Mass Spectrometry Approaches to Glycomic and Glycoproteomic Analyses

L Renee Ruhaak  1 Gege Xu  2 Qiongyu Li  2 Elisha Goonatilleke  2 Carlito B Lebrilla  2   3   4
Affiliations
Review

Mass Spectrometry Approaches to Glycomic and Glycoproteomic Analyses

L Renee Ruhaak et al. Chem Rev. .

Abstract

Glycomic and glycoproteomic analyses involve the characterization of oligosaccharides (glycans) conjugated to proteins. Glycans are produced through a complicated nontemplate driven process involving the competition of enzymes that extend the nascent chain. The large diversity of structures, the variations in polarity of the individual saccharide residues, and the poor ionization efficiencies of glycans all conspire to make the analysis arguably much more difficult than any other biopolymer. Furthermore, the large number of glycoforms associated with a specific protein site makes it more difficult to characterize than any post-translational modification.
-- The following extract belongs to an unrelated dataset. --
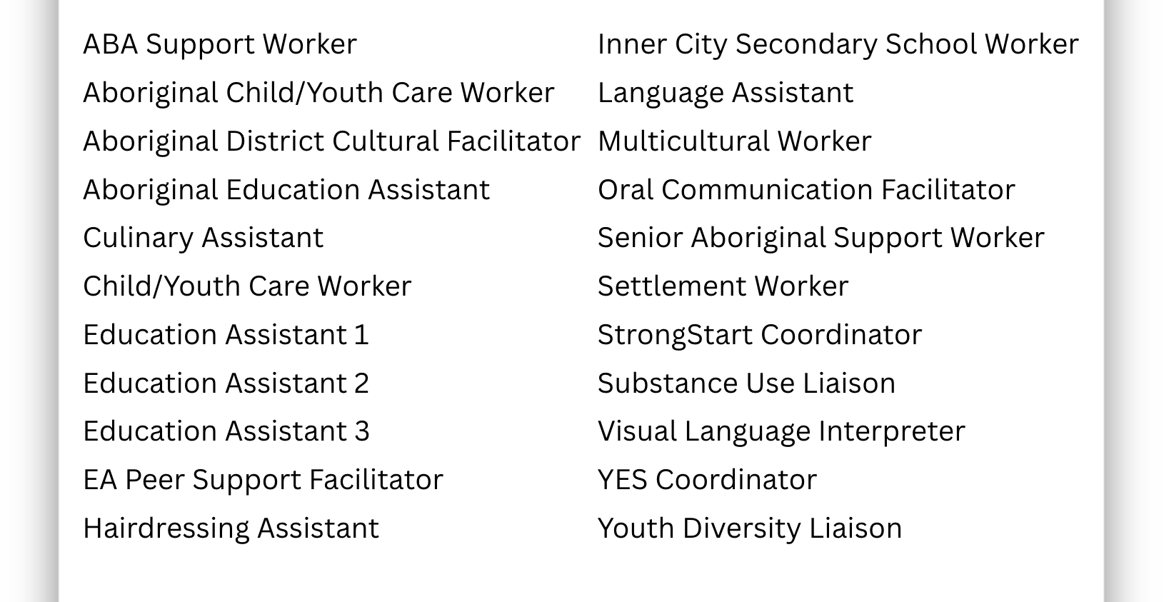 - Aboriginal Child/Youth Care Worker

Nonetheless, there have been significant progress, and advanced separation and mass spectrometry methods have been at its center and the main reason for the progress. While glycomic and glycoproteomic analyses are still typically available only through highly specialized laboratories, new software and workflow is making it more accessible. This review focuses on the role of mass spectrometry and separation methods in advancing glycomic and glycoproteomic analyses. It describes the current state of the field and progress toward making it more available to the larger scientific community.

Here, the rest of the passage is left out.